Introduction
Among parliamentary editors, artificial intelligence (AI) continues to attract widespread attention. The editorial services (dienst Verslaggeving) of the Flemish Parliament (Vlaams Parlement), which is the regional assembly of Flanders, the Dutch-speaking region of Belgium, have certainly not overlooked this development.
Despite the shared challenges faced by parliamentary reporting worldwide (Eras 2025), collaboration on the use of AI in editing official records remains limited. This is due to several structural and institutional factors, among which are language diversity. Despite these barriers, we are convinced that lessons may be learnt from different experiences worldwide.
In this article, we will therefore explain the steps we have taken towards a structural integration of AI in our workflow, while remaining attentive to its potential pitfalls.
Acknowledging and embracing AI
Since 2005, the parliamentary editors of the Flemish Parliament have been relying on a custom-built application developed in-house. It supports editors in key tasks and managing the full editorial workflow for producing the official parliamentary record.
The editorial team has monitored developments in automatic speech recognition (ASR) since 2016. Until recently, however, ASR solutions did not meet the accuracy standards required for high-quality verbatim reporting. Over the past few years, advances in artificial intelligence have significantly improved the reliability of transcription tools, including for Dutch.

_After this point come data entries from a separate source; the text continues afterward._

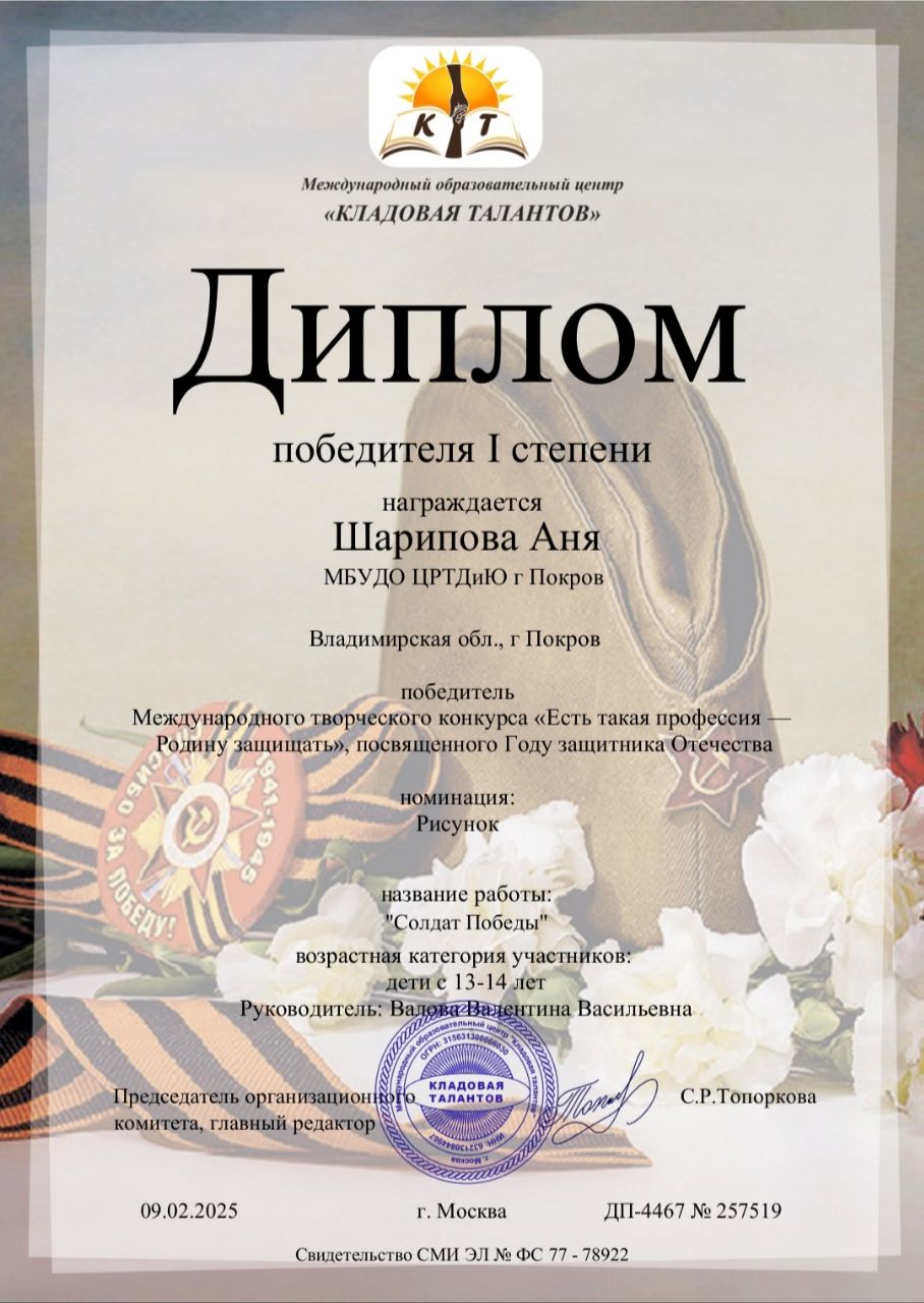 Поздравляем Шарипову Аню, обучающуюся изостудии "Радуга"(руководитель Валова Валентина Васильевна) с победой в Международном творческом конкурсе "Есть такая профессия - Родину защищать", посвящённом Году защитника Отечества.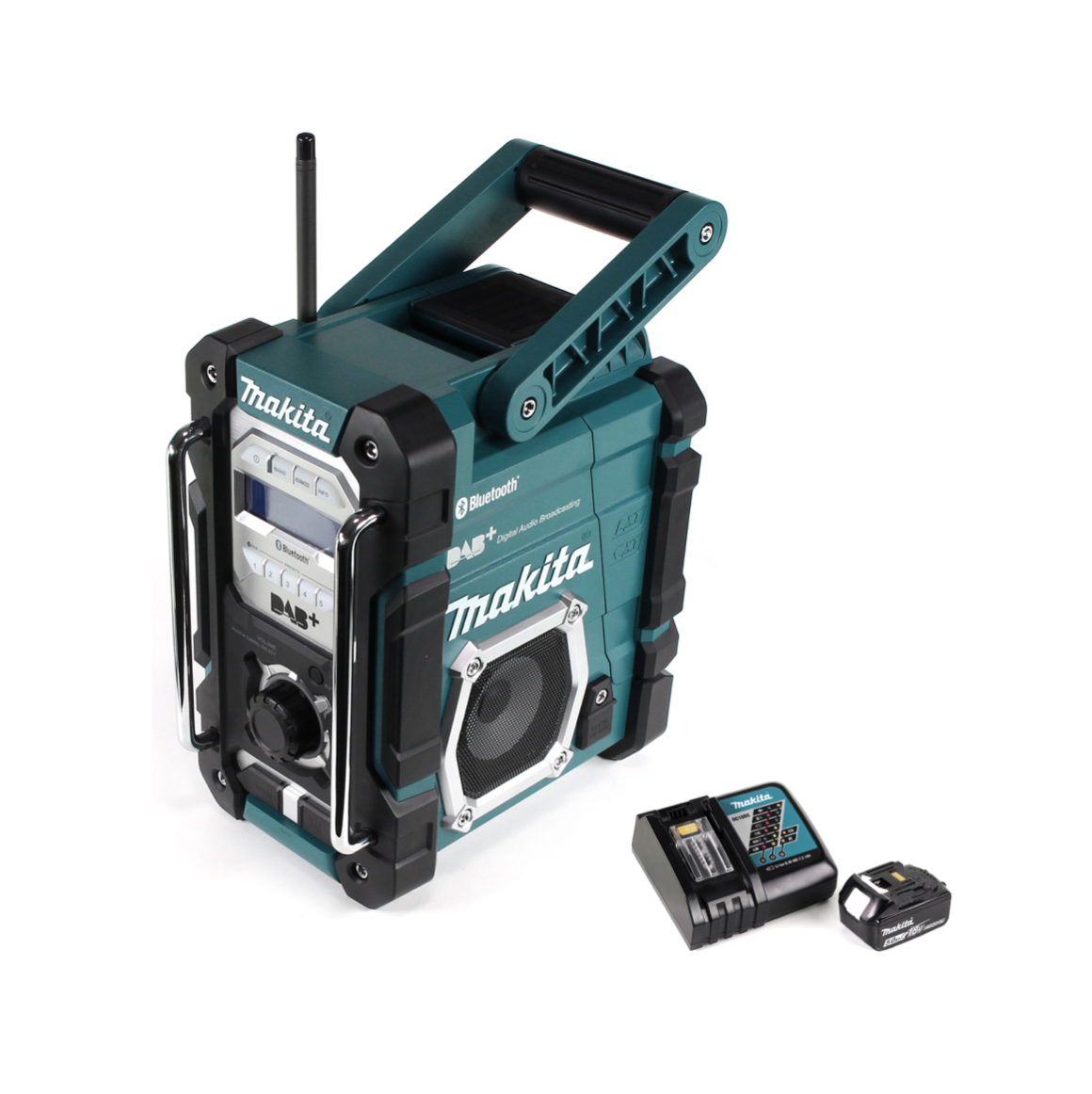 La radio de obra Bluetooth DMR 112 de Makita es adecuada para recibir DAB, DAB+ y FM. Está equipado con un puerto USB y un puerto Aux para cargar un celular o tableta y reproducir música. La radio puede funcionar con todas las baterías de iones de litio de Makita de 7,2 a 18 V, pero no con baterías Maktec o de la serie G. Se incluye un adaptador de corriente para proporcionar energía permanente a la radio. Sin embargo, esto no es adecuado para cargar las baterías. El transmisor se puede ajustar con precisión a través de la gran pantalla digital. La carcasa tiene protección contra salpicaduras hasta el grado de protección IP64. Por lo tanto, la radio es el compañero ideal en la obra, incluso en condiciones climáticas adversas.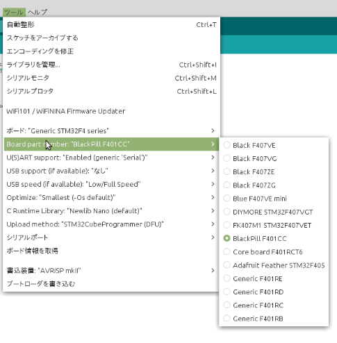 以前はこのボードはデフォルトで使えなかったのですが、見事「genericSTM32F411CE」ボードとして使えるようになりました! くわしくは →こちら

At the same time, June 2024 marked the beginning of a new legislative term, initiating a strategic planning process for the 2024-29 period. Recognising that a parliamentary institution cannot afford to fall behind rapid technological and societal change, the Flemish Parliament explicitly included in its strategic agenda the exploration of AI, as a promising and potentially transformative technology. An organisation-wide innovation platform, ‘DigiLab’, was launched to collect and prioritise potential AI use cases. One of the most prominent use cases identified was to investigate how AI could meaningfully support the preparation of plenary session reports.
Our primary objective is to integrate automated transcription into the existing editorial application. The envisioned outcome is a verbatim transcript that is immediately available to editors for review and correction, thereby eliminating the physically demanding and time-intensive task of typing speeches from scratch.

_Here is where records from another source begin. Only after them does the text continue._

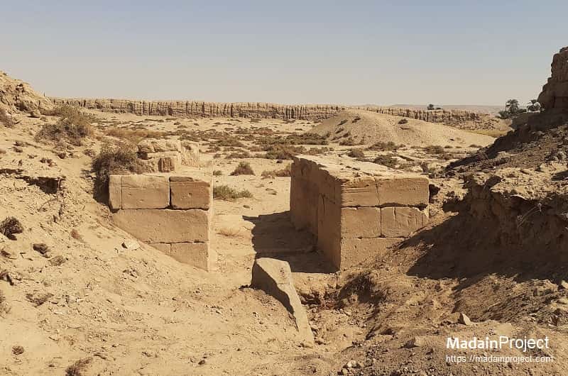 The central district of the ancient city of Nekheb was enclosed inside a large mud-brick enclosure wall. This walled enclosure encompassed an area of some 25,000 square metres (270,000 square feet), and contained the residential houses, temple complex, public and government buildings. The massive mudbrick walls, still largely preserved to their height in south eastern corner, dating to the Late Period (747–332 BCE) are thought to have been built by Nectanebo II as a defensive measure.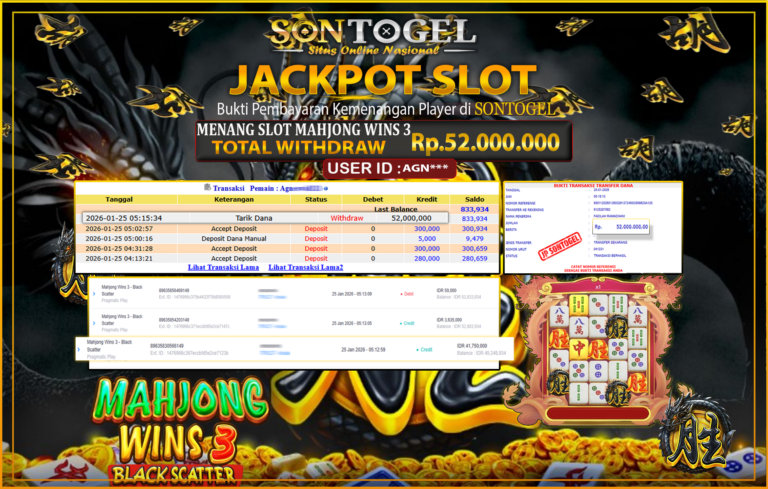 JP SONTOGEL SLOT MAHJONG WINS 3 Rp.52.000.000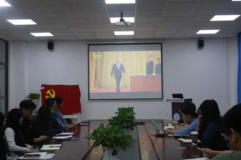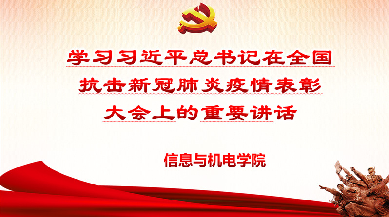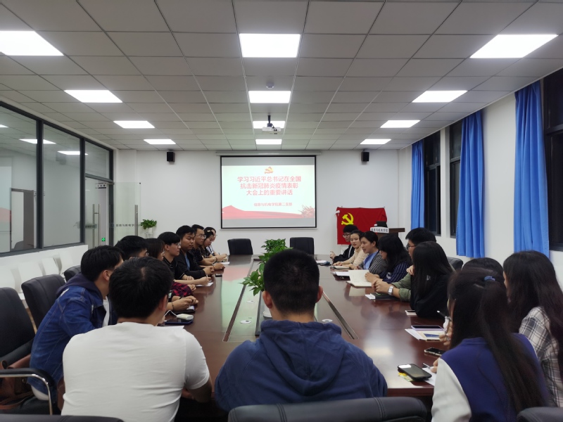 2020年9月27日16:00,信息与机电学院召集师生党员代表、预备党员和拟发展对象和团学骨干在9号楼306召开专题会,深入学习习近平总书记在全国抗击新冠肺炎疫情表彰大会上的重要讲话精神,党总支书记刘群老师主持会议。要深入学习贯彻习近平总书记重要讲话精神,增强“四个意识”,坚定“四个自信”,做到“两个维护”,大力弘扬伟大抗疫精神。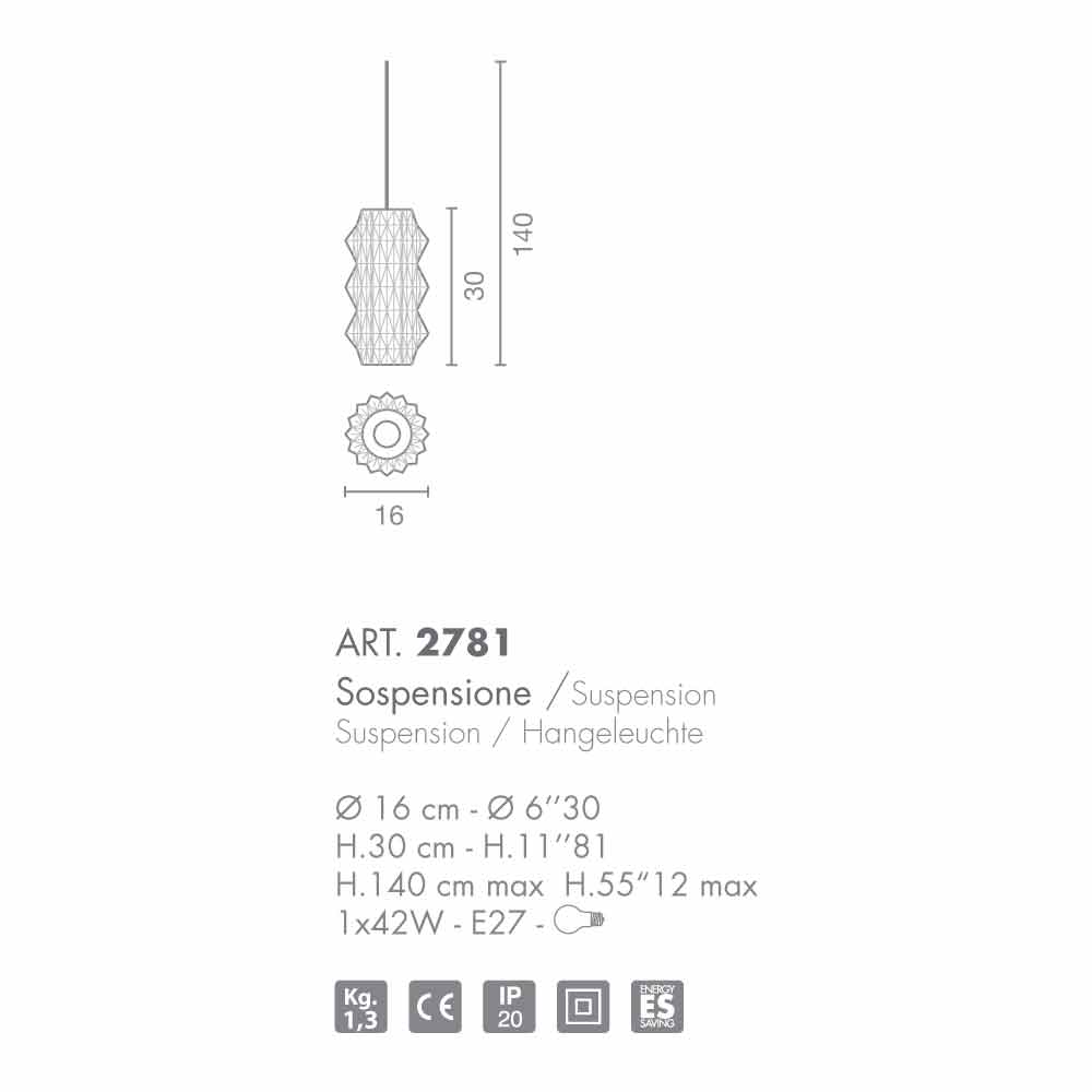 Origami is verdeeld in een hanglamp en een tafel, beide verkrijgbaar in diverse kleuren. Een collectie die voortkomt uit de omzetting van de Art Nouveau en de elegante lijnen en gestileerde in een mal om een geblazen glas vergelijkbaar met een 'kunstwerk te maken. Deze lamp is ontworpen voor het 'gebruik van 1 42W - E27.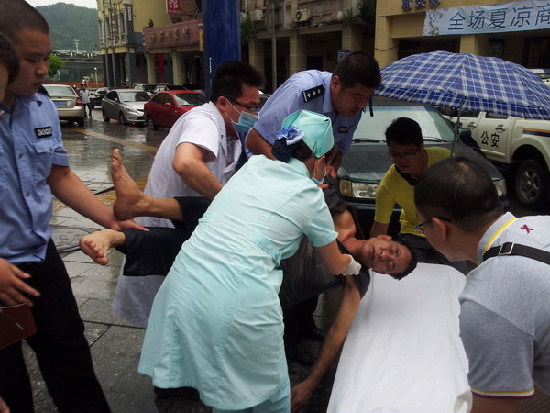 只見老漢半臥半趴地靠著路邊電線桿暈迷不醒,臉色發(fā)青,雙眼緊閉,口中還不時(shí)地吐著清口水。雨水打在他的身上,老漢不停地顫抖著。民警見狀,一邊用手機(jī)撥手120,請(qǐng)求救護(hù)車到場救助,一邊從車?yán)锬贸鲇陚悖徒?jīng)過的熱心小伙子一起,為老漢擋住打在其身上的雨水。兩分鐘后,救護(hù)車趕到現(xiàn)場,孟警官協(xié)助醫(yī)生、護(hù)士們將老漢扶上擔(dān)架,送往醫(yī)院救治。 |

Exploring the opportunities with a proof of concept
To pursue this objective, we established an internal AI task force consisting of editors(-in-chief) who voluntarily explored speech-to-text tools, such as Speechmatics and Scribewave, and started testing prompts in Copilot.

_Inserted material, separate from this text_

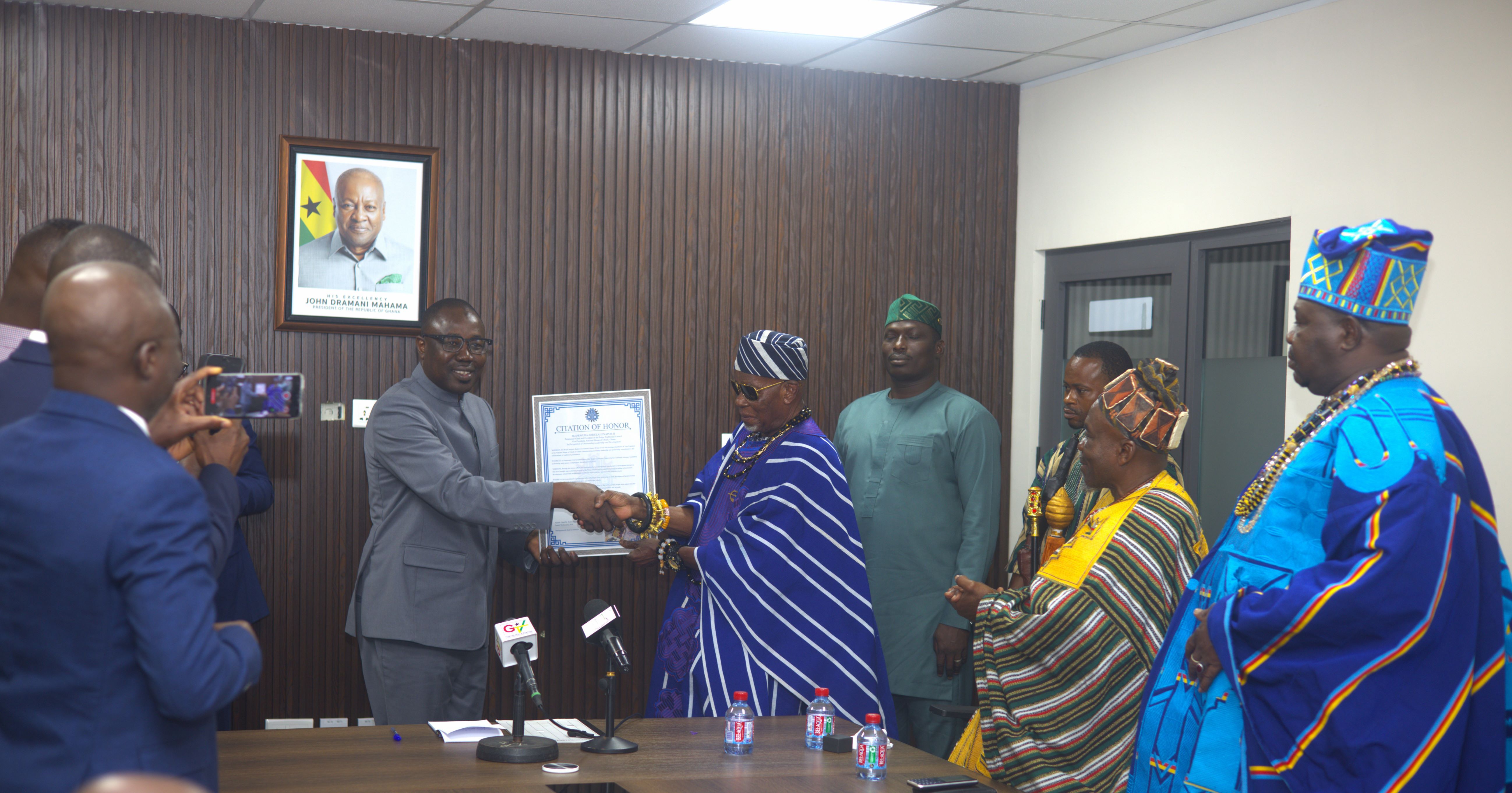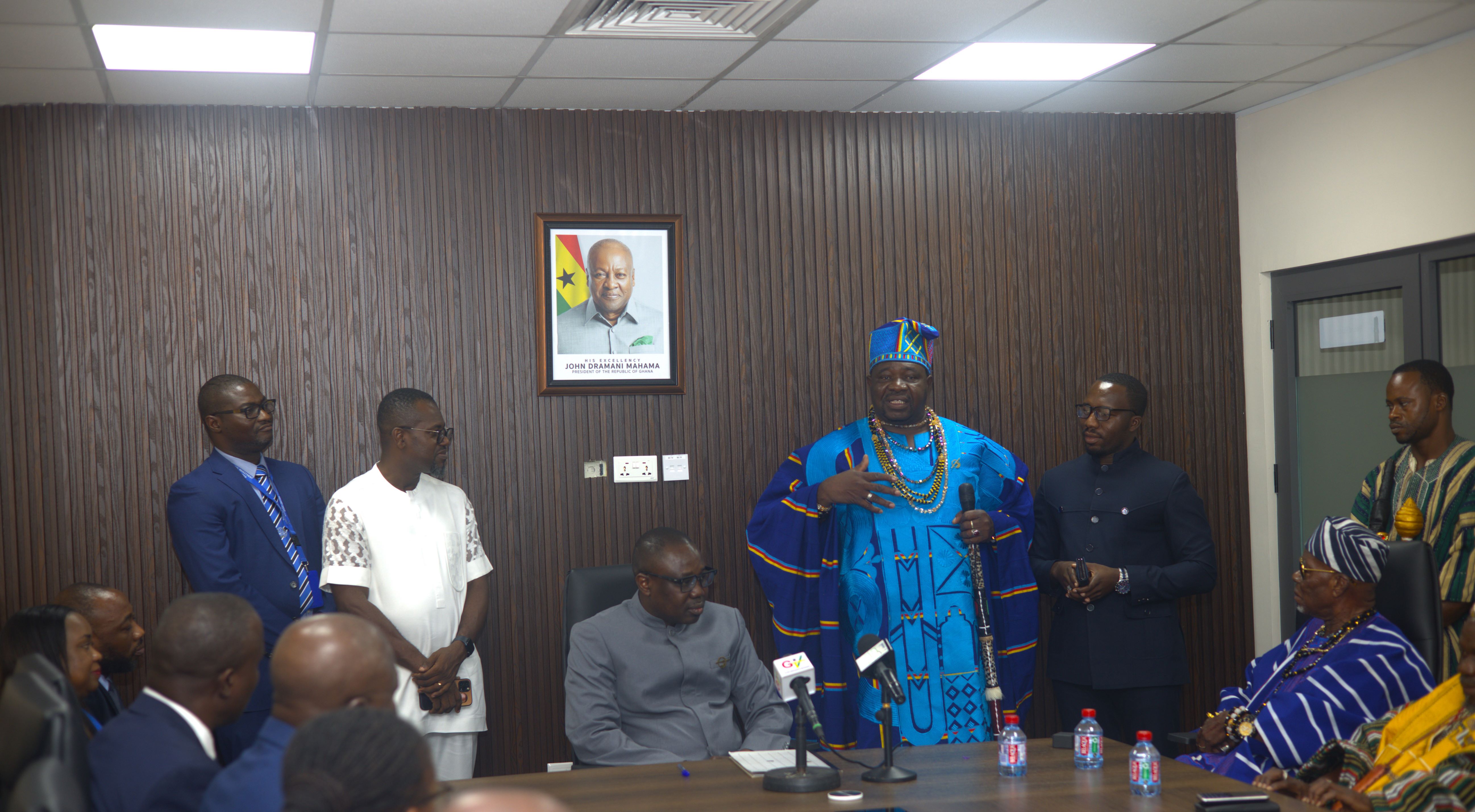 A distinguished delegation of traditional leaders from Ghana and Burkina Faso paid a courtesy visit to the CEO of the National Investment Bank (NIB) PLC, Chief Dr. Doliwura Zakaria, to commend him for his transformational leadership and contributions to national and regional development.

To assess both the potential and the limitations of this use case, the IT department developed a proof of concept (POC). The POC followed a multi-stage pipeline combining speech recognition, speaker attribution, and AI-assisted editorial pre-processing. At the outset, this POC captures the livestream of plenary sessions, which are publicly broadcast via YouTube. Using a trained dataset in Pyannote ASR technology, the spoken content is attributed to the presumed speaker and transcribed with OpenAI’s Whisper. The resulting verbatim transcript is then post-processed by ChatGPT. Editors locate their assigned speech fragments, copy and paste the edited text into Word, and subsequently verify it against the original audio recording to correct any remaining errors or ambiguities.
Early testing demonstrated considerable potential but also revealed limitations, including inaccuracies in speech recognition and inconsistent editorial decisions by ChatGPT. Through iterative prompt design, the AI task force provided the IT team with a detailed set of editorial instructions to ensure consistent application of editorial standards. Combined with additional Pyannote training and increased GPU capacity, these measures substantially improved the quality of the output.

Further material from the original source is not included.